Under the wan light of a full moon it was Edinburgh that unearthed their inner animals to win the first of three 1872 Cup matches against their oldest rivals. The home side needed the league points more than Glasgow and it looked that way on the field.
The home team triumphed exactly as you’d expect, through the scrummaging power of their forward pack who milked penalties almost at will and the finishing power of their winger Duhan van der Merwe who intercepted two passes from Adam Hastings, one in each half, and filled his boots both times to walk off with the man of the match award.
Jaco van der Walt had a tricky time in open play but the flyhalf can kick with uncanny accuracy and he added two conversions and three penalties to keep the scoreboard ticking over.
Glasgow were beaten at the breakdown, struggled for quick ball and rarely looked like scoring. Only a moment of magic late in the first forty from the telepathic Horne brothers found a way past an Edinburgh defence that was wonderfully assured. Late in the second half when Glasgow finally created an overlap for Stuart Hogg on the left flank, Henry Pyrgos intercepted, again, to prevent what looked like a certain try.

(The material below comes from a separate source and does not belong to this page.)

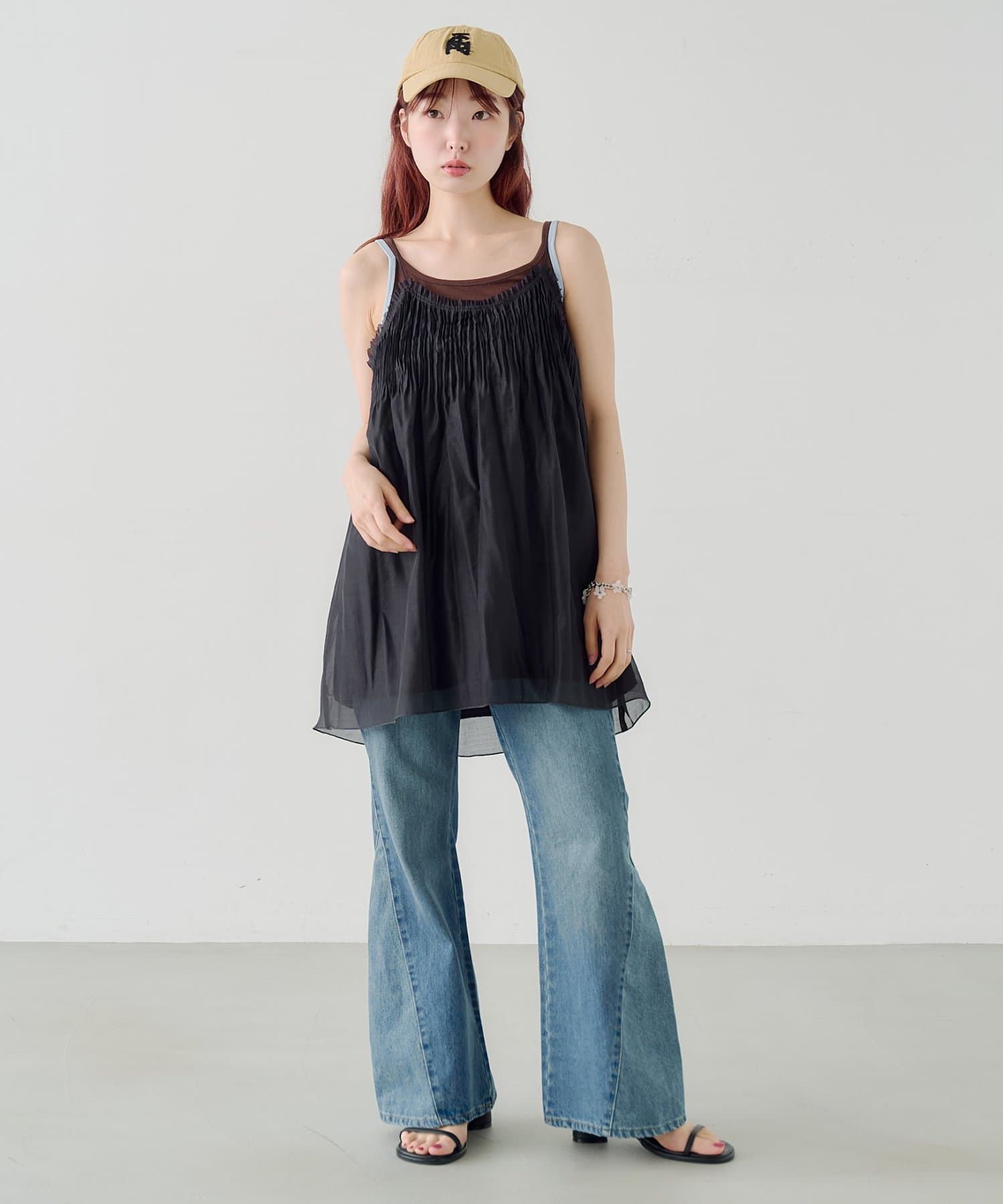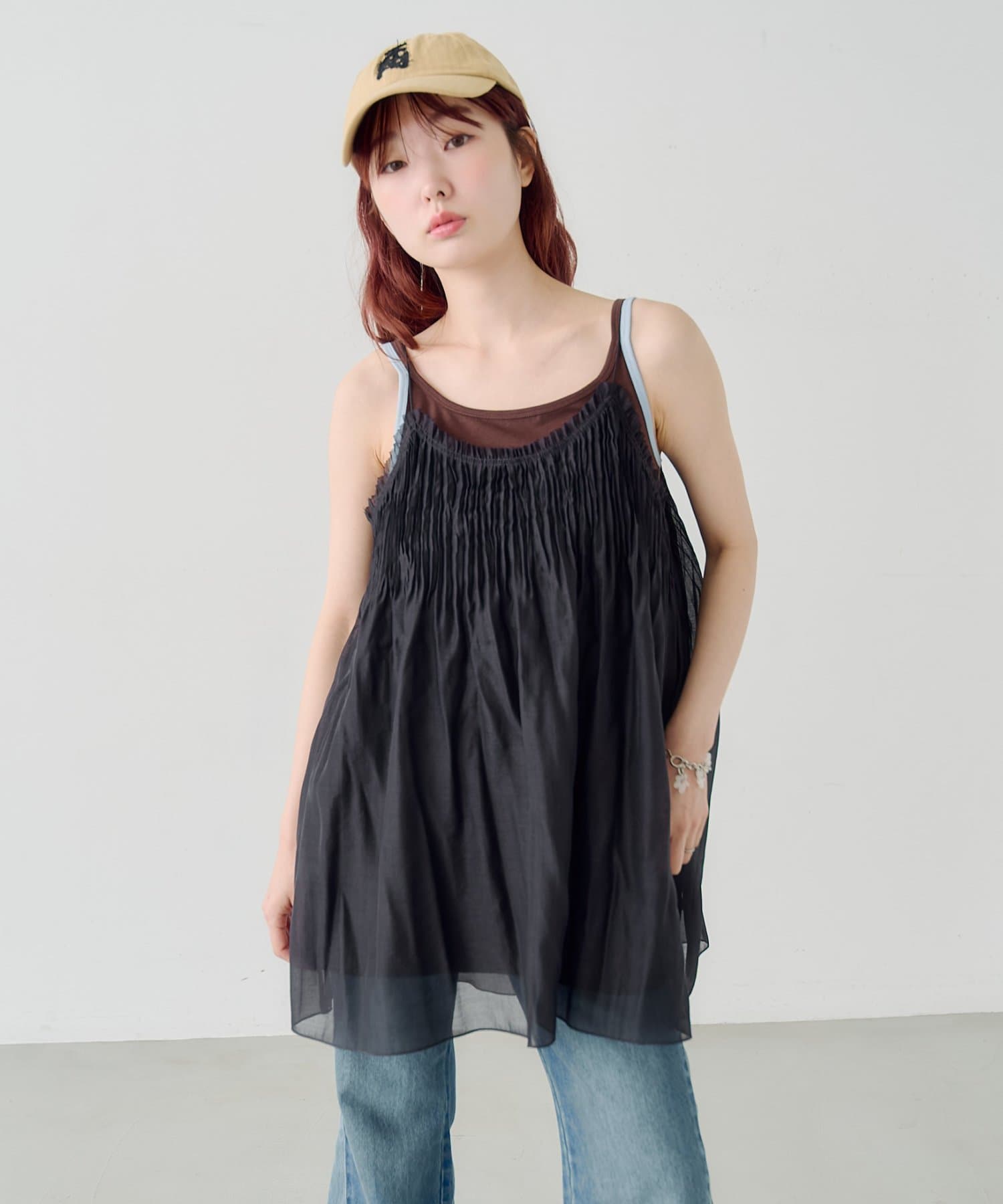 タンクトップやキャミソールと合わせたレイヤードスタイルがおすすめ。
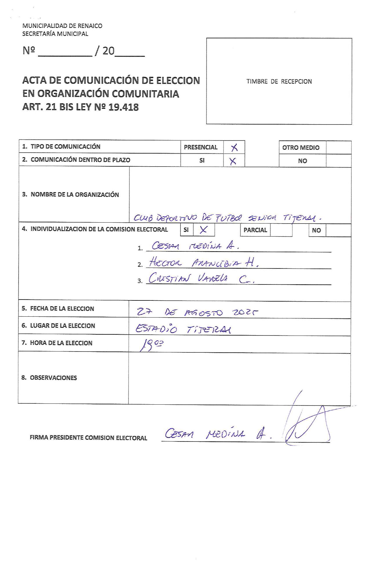 Acta Organización Comunitaria 24 de septiembre de 2025 ACTA DE COMUNICACIÓN DE ELECCION EN ORGANIZACIÓN COMUNITARIA «Club deportivo de futbol senior Tijeral»

He was excellent throughout, pinpoint with his box kicks, even if you wish Pyrgos would move the ball a bit quicker. Chris Dean also had a good showing in the backs as did Hamish Watson in the forwards but credit goes to Pierre Schoeman because the prop had his opposite number Siua Halanukonuka on toast throughout. Expect D’arcy Rae to start for Glasgow next weekend.
Edinburgh fulfilled Richard Cockerill’s game plan with such precision in the opening quarter of this match that even the little English Grinch must have struggled to wipe the smile off his face. His team racked up a 13-0 lead almost before Glasgow had got hands on the ball, stunning the visitors with the ferocity of their work in the contact zone and playing with the sort of control and composure that they display at their best.
The scoring was as South African as a braai. Van der Walt kicked two penalties and added the conversion after winger van der Merwe picked off a pass from Hastings to Nick Grigg around his own twenty-two metre line and went the length to score the opening try of the match after 12 minutes, beating Hogg’s cover tackle to the corner.
Only after going 13-0 behind did Glasgow wake up and work their way back into this match, if only slowly. The spark that light the fire under their backsides came from Jonny Gray when the big man won a turnover. At the very next break Gray was waving his arms up and down, urging greater efforts from his own team and they seemed to respond.
Having been pegged back inside their own half for much of the opening quarter Glasgow enjoyed some territorial advantage in the second quarter with a couple of attacking lineouts, one maul was turned over, another throw was overcooked but eventually the two Horne brother dovetailed beautifully to throw the Warriors a life line just four minutes before the break.
With a penalty advantage coming their way, scrumhalf George chipped for brother Peter who took the ball at full stretch over the Edinburgh try line.
Having hardly been at the races the visitors were right back in the hunt at half time having narrowed the gap to a more manageable 13-7.
Glasgow picked up where they left off in the first and a long series of attacks through the forwards was only thwarted when former Glasgow scrumhalf Pyrgos jumped out of the defensive line, forcing Hastings into an ill-advised back flip that missed its intended target and instead rolled harmlessly into touch.
A little later Edinburgh won a turnover when Duhan van der Merwe knocked on. They shipped it wide at the second time of asking, to Duhan van der Merwe who shrugged off Tommy Seymour’s tackle and kicked ahead. James Johnstone collected the ball and was only prevented from scoring thanks to a last ditch tackle from Hogg.
With the breakdown in the shadow of his own posts, Glasgow skipper Callum Gibbins was pinged and carded for being blatantly offside and van der Walt extended Edinburgh’s lead by another three.
The next play was an action replay from the first half. On the attack, Hastings fired a long pass wide, it drifted five yards forward and straight into the arms of van der Merwe who this time only had sixty-odd yards to the Glasgow line.
It seemed cruel but Hastings was yanked from the field just minutes after his second howler of the evening, Peter Horne taking over at ten, and the young playmaker will chalk this one down to experience along with several of his Glasgow colleagues.